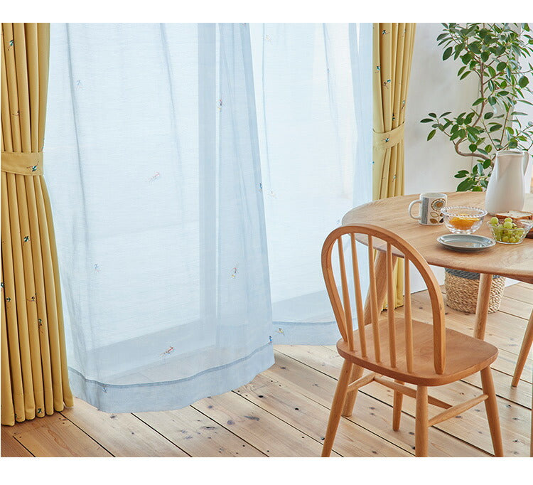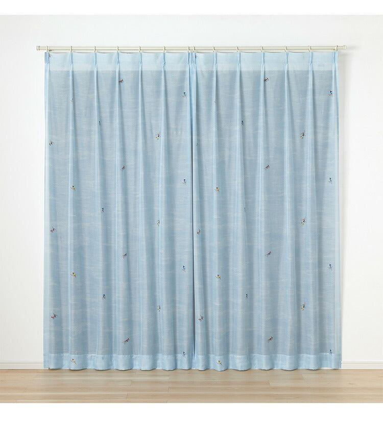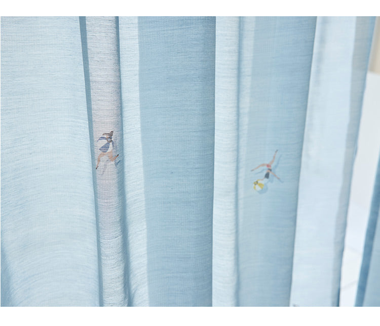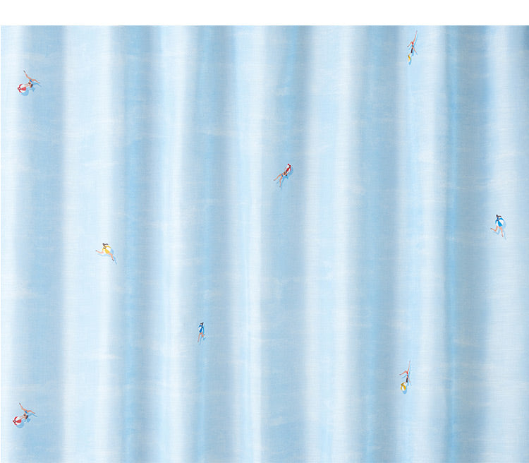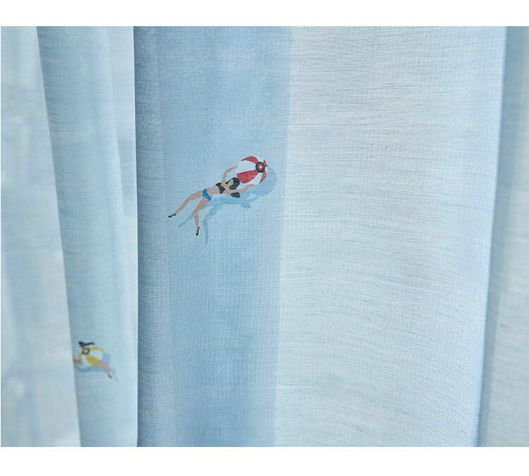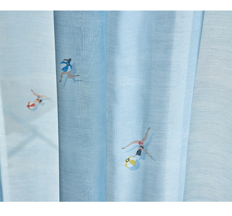 ビーチガールが、カーテンヒダの波間にたゆたうシアーカーテンです。テクスチャーを付けてブリントしたブルーのカラーボイルは、水面や空を連想させます。アート感覚でお部屋を彩るアイテムです。
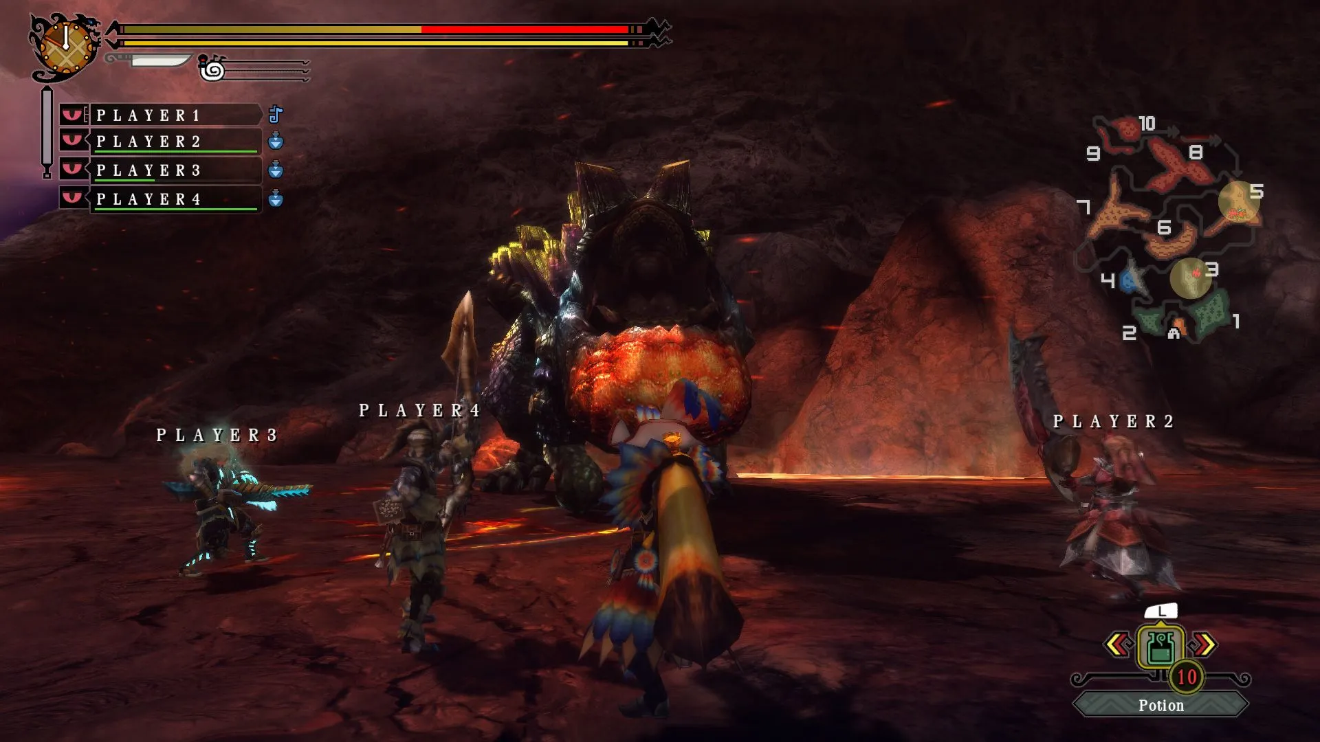 My fellow 3DS-wielding adventurer and I eventually meet up at the quest bulletin board. He’s posted a mission, which I accept. We’re hunting a gigantic dragon across the wiles. Venturing forth into the next zone, we immediately stumble upon a gigantic red dragon. The beast spits fireballs, flails its massive tail, and flies around the environment when we engage it in battle. A new targeting feature allows me to keep the camera fixed on the creature as it soars out of view (especially useful on the 3DS). My ally and I lay gigantic bear traps and sinkhole hazards to impede the creature. We focus our attacks on the tail, eventually severing the appendage and negating one of its attacks. The dragon begins limping and drooling, indicating that it’s fighting spirit is waning. The dragon sulks off to another zone, and we take the opportunity to cut some scales off its severed tail, which may be useful for crafting later.
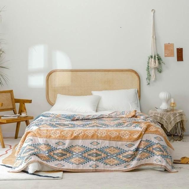 Arvo Home 蒔桄家居純棉雙人尺寸四季被 舒服薄被柔軟特製民族風圖騰 蓋毯 四季被(新疆棉 日本棉 四季被 涼被 四層紗 冷氣毯 日本棉)
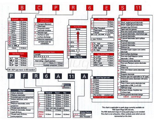เริ่มแรกขอเริ่มที่เบอร์หัวเทียนกันก่อนนะครับ หัวเทียนในแต่ละยี่ห้อนั้น มันบอกเบอร์ไม่ได้ ( เพราะมันไม่มีปาก ! ) ตัวเลขแต่ละแบรนด์ก็ไม่เหมือนกัน ถ้าจะเทียบกันจริง ๆ คงต้องใช้ตารางเทียบว่าแบรนด์นี้ เบอร์นี้ ตรงกับรุ่นอะไร ถึงจะชัวร์ และอย่างที่ใช้กันประจำ ๆ พูดกันติดปากก็ไม่พ้น " NGK " หัวเทียนทั่ว ๆ ไปที่เรียกว่า หัวเทียนร้อน จะเป็นเบอร์ต่ำเสมอ ส่วนหัวเทียนเย็นจะเป็นเบอร์สูง ว่าแต่....ร้อนกับเย็นมันต่างกันยังไง เดี๋ยวจะอภิปรายให้ฟัง...
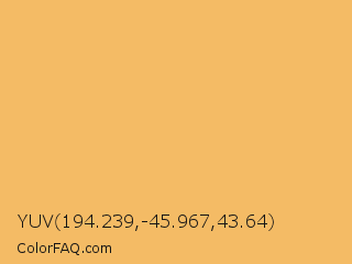 YUV 194.239,-45.967,43.64 Color is a light orange color and the nearest color is Rajah #f7b668. Hex code #f4bb65 and RGB value is rgb(244,187,101). In RGB color space, this color is composed of 96% red, 73% green, 40% blue, In CMYK color space, this color is composed of 0% cyan, 23% magenta, 59% yellow , 4% black , In HSL color space, this color has a hue angle of 36° , 87% saturation and 68% lightness.

● ● ●

## What to produce
Your answer must be the full listing, copied exactly, with no pictures in it.

## Solution to the problem
 ビーチガールが、カーテンヒダの波間にたゆたうシアーカーテンです。テクスチャーを付けてブリントしたブルーのカラーボイルは、水面や空を連想させます。アート感覚でお部屋を彩るアイテムです。
 My fellow 3DS-wielding adventurer and I eventually meet up at the quest bulletin board. He’s posted a mission, which I accept. We’re hunting a gigantic dragon across the wiles. Venturing forth into the next zone, we immediately stumble upon a gigantic red dragon. The beast spits fireballs, flails its massive tail, and flies around the environment when we engage it in battle. A new targeting feature allows me to keep the camera fixed on the creature as it soars out of view (especially useful on the 3DS). My ally and I lay gigantic bear traps and sinkhole hazards to impede the creature. We focus our attacks on the tail, eventually severing the appendage and negating one of its attacks. The dragon begins limping and drooling, indicating that it’s fighting spirit is waning. The dragon sulks off to another zone, and we take the opportunity to cut some scales off its severed tail, which may be useful for crafting later.
 Arvo Home 蒔桄家居純棉雙人尺寸四季被 舒服薄被柔軟特製民族風圖騰 蓋毯 四季被(新疆棉 日本棉 四季被 涼被 四層紗 冷氣毯 日本棉)
เริ่มแรกขอเริ่มที่เบอร์หัวเทียนกันก่อนนะครับ หัวเทียนในแต่ละยี่ห้อนั้น มันบอกเบอร์ไม่ได้ ( เพราะมันไม่มีปาก ! ) ตัวเลขแต่ละแบรนด์ก็ไม่เหมือนกัน ถ้าจะเทียบกันจริง ๆ คงต้องใช้ตารางเทียบว่าแบรนด์นี้ เบอร์นี้ ตรงกับรุ่นอะไร ถึงจะชัวร์ และอย่างที่ใช้กันประจำ ๆ พูดกันติดปากก็ไม่พ้น " NGK " หัวเทียนทั่ว ๆ ไปที่เรียกว่า หัวเทียนร้อน จะเป็นเบอร์ต่ำเสมอ ส่วนหัวเทียนเย็นจะเป็นเบอร์สูง ว่าแต่....ร้อนกับเย็นมันต่างกันยังไง เดี๋ยวจะอภิปรายให้ฟัง...
 YUV 194.239,-45.967,43.64 Color is a light orange color and the nearest color is Rajah #f7b668. Hex code #f4bb65 and RGB value is rgb(244,187,101). In RGB color space, this color is composed of 96% red, 73% green, 40% blue, In CMYK color space, this color is composed of 0% cyan, 23% magenta, 59% yellow , 4% black , In HSL color space, this color has a hue angle of 36° , 87% saturation and 68% lightness.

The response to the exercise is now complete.